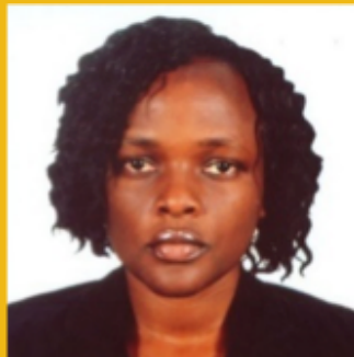
HELLEN OWINO CENTRE FOR THE STUDY OF ADOLESCENCE, NAIROBI
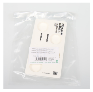
JBL PF CO2 CALIBRATION tray To keep the cuvettes upright during calibration
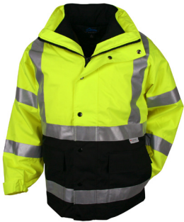
LIME GREEN/ BLACK
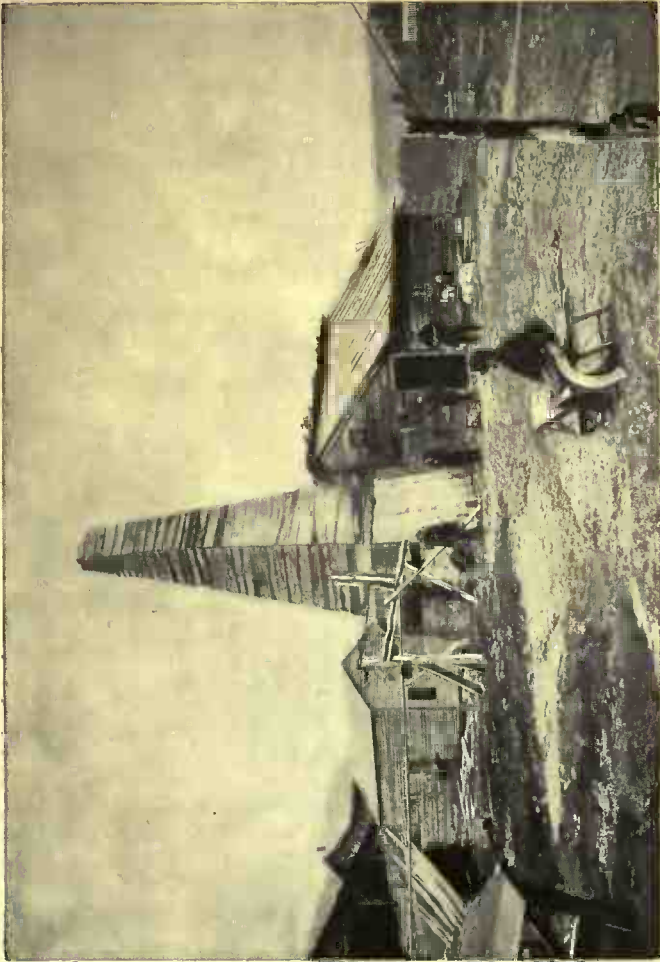
THE DRAKE WELL IN 1859—THE FIRST OIL WELL
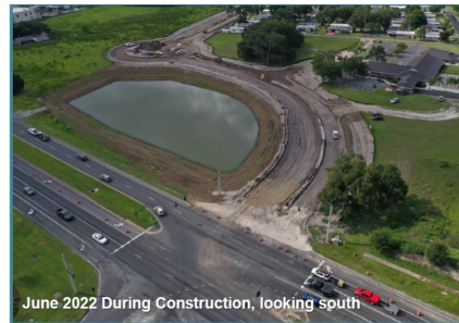
June 2022 During Construction, looking south
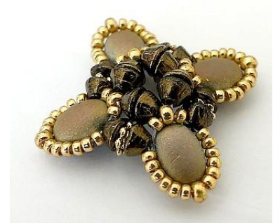
Here is the result Stop the thread. You have finished 1 element
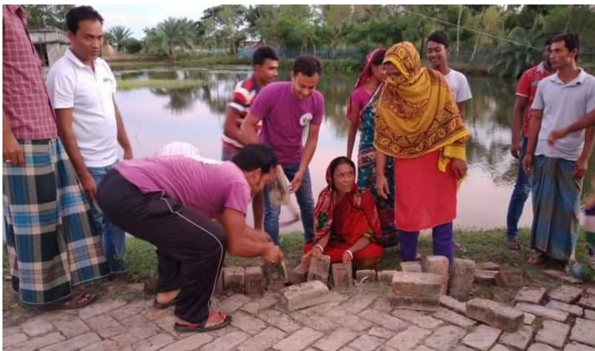
Picture 2: Local youth of NISA are repairing herringbone (Voluntary work) at Jawakhali village at Shyamnagar Upazilla of Satkhira district in Bangladesh.

===============

#### Directions
Start at the line holding "Here is the" and stop at the last line of the entries above. Repeat those lines exactly, pictures excluded.

#### Written response
Here is the result Stop the thread. You have finished 1 element
Picture 2: Local youth of NISA are repairing herringbone (Voluntary work) at Jawakhali village at Shyamnagar Upazilla of Satkhira district in Bangladesh.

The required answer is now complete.